Assigned task = Wherever pictures appear in the listing below, leave them out, and copy exactly, and only, everything from the line with "이스타-아시아나KO 대량해고 사태…이낙연 대표 사무실 앞 규탄" down to the line with "child DNAs |".

Records for processing =
»»

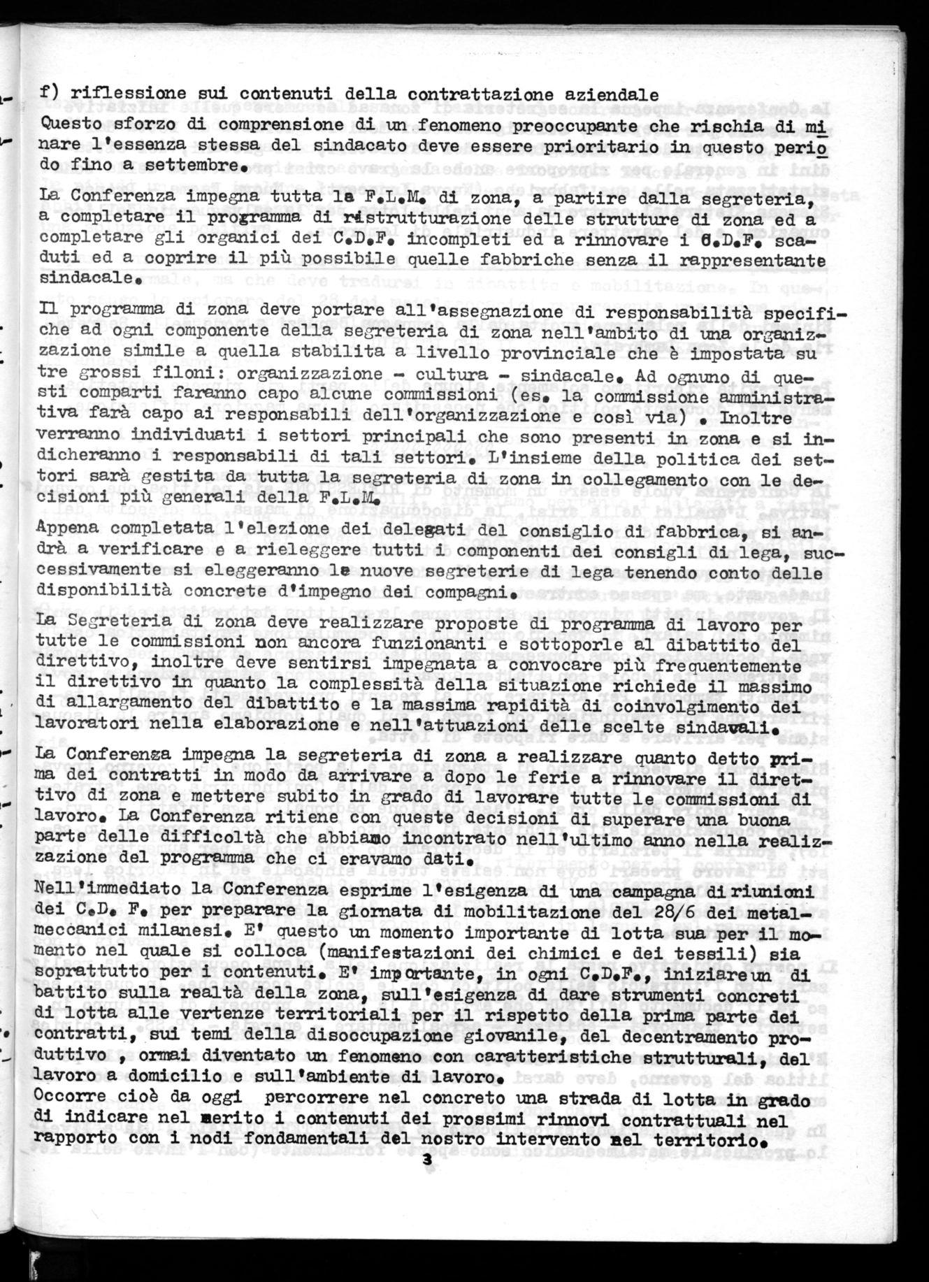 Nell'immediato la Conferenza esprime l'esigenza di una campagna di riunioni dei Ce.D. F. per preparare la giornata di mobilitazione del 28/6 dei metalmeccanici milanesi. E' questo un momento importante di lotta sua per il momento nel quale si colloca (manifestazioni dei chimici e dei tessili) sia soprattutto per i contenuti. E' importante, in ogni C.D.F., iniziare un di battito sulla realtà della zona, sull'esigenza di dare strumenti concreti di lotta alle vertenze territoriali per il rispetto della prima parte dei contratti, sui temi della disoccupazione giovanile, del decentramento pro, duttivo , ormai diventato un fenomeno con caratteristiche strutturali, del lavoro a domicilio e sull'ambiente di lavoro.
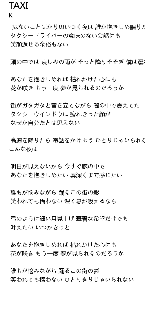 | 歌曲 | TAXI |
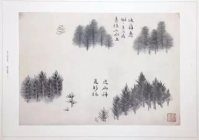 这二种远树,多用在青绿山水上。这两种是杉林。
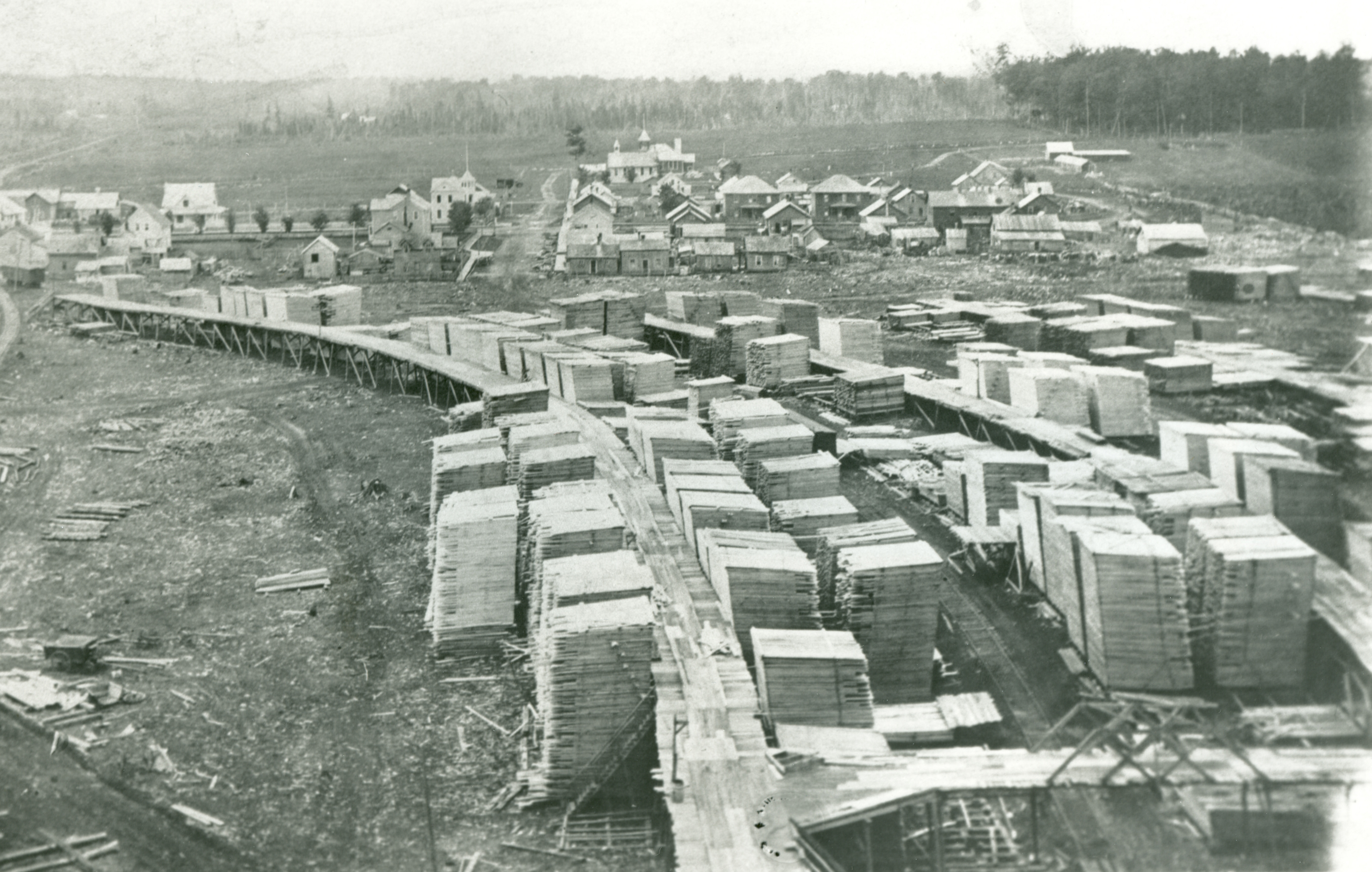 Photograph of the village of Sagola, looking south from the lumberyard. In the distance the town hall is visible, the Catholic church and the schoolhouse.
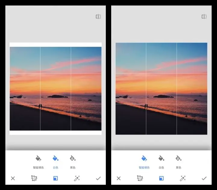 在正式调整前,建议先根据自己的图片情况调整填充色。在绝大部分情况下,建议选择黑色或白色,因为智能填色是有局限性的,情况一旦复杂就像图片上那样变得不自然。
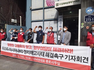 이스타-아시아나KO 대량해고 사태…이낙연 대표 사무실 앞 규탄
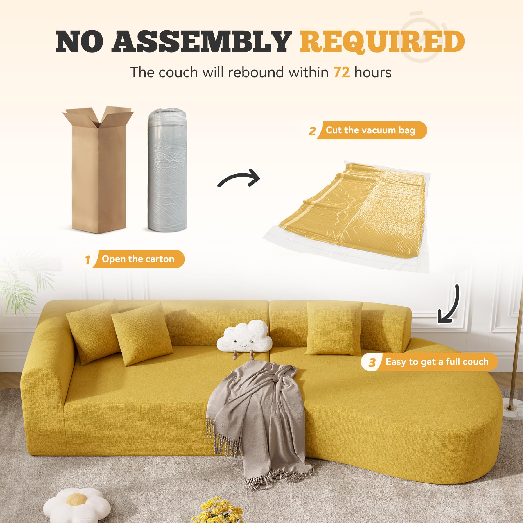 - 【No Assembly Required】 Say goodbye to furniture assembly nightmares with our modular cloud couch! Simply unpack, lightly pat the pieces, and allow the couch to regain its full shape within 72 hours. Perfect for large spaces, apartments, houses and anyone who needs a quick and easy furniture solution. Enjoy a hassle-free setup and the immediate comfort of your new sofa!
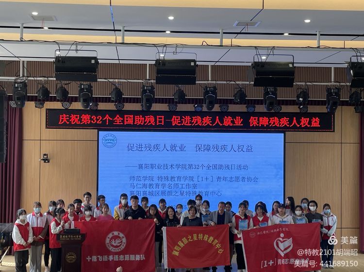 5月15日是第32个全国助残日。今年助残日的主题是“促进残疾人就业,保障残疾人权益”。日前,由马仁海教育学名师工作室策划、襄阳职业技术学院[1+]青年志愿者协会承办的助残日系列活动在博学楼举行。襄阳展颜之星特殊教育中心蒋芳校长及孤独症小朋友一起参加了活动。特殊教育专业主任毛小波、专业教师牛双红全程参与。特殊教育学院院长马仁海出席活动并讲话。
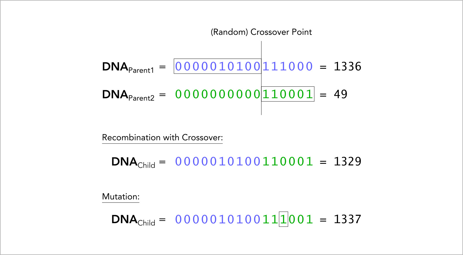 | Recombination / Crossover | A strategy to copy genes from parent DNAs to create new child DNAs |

««
»»

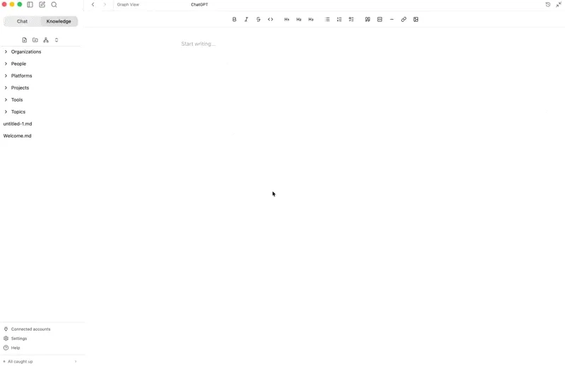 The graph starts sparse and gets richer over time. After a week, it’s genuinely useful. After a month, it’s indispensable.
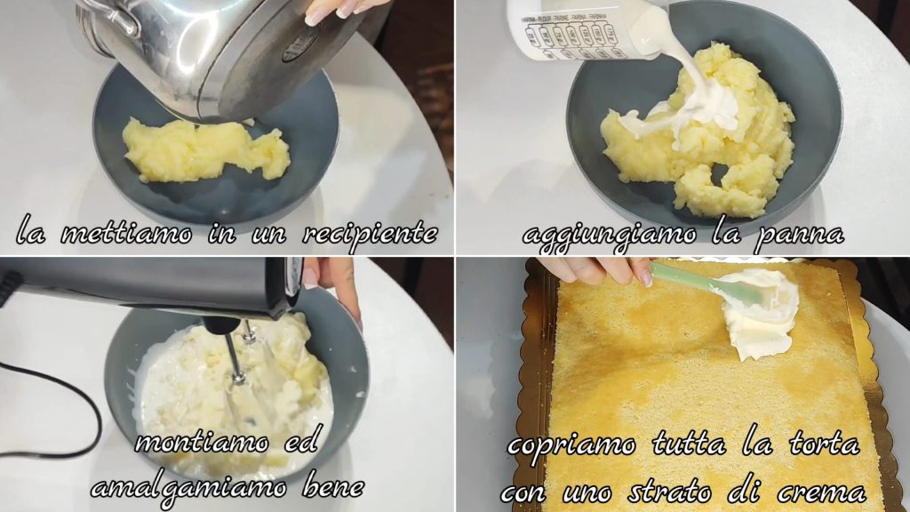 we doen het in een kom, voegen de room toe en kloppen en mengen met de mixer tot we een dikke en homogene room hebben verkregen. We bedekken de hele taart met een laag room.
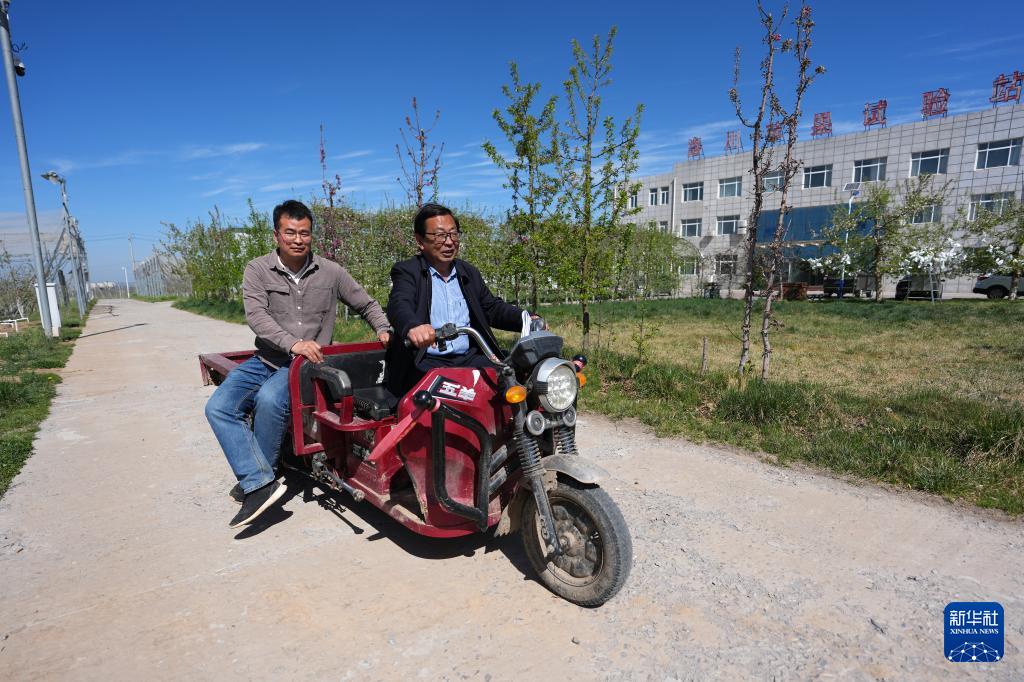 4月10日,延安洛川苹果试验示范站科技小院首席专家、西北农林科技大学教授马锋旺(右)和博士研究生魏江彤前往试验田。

««

Reply =
 이스타-아시아나KO 대량해고 사태…이낙연 대표 사무실 앞 규탄
 - 【No Assembly Required】 Say goodbye to furniture assembly nightmares with our modular cloud couch! Simply unpack, lightly pat the pieces, and allow the couch to regain its full shape within 72 hours. Perfect for large spaces, apartments, houses and anyone who needs a quick and easy furniture solution. Enjoy a hassle-free setup and the immediate comfort of your new sofa!
 5月15日是第32个全国助残日。今年助残日的主题是“促进残疾人就业,保障残疾人权益”。日前,由马仁海教育学名师工作室策划、襄阳职业技术学院[1+]青年志愿者协会承办的助残日系列活动在博学楼举行。襄阳展颜之星特殊教育中心蒋芳校长及孤独症小朋友一起参加了活动。特殊教育专业主任毛小波、专业教师牛双红全程参与。特殊教育学院院长马仁海出席活动并讲话。
 | Recombination / Crossover | A strategy to copy genes from parent DNAs to create new child DNAs |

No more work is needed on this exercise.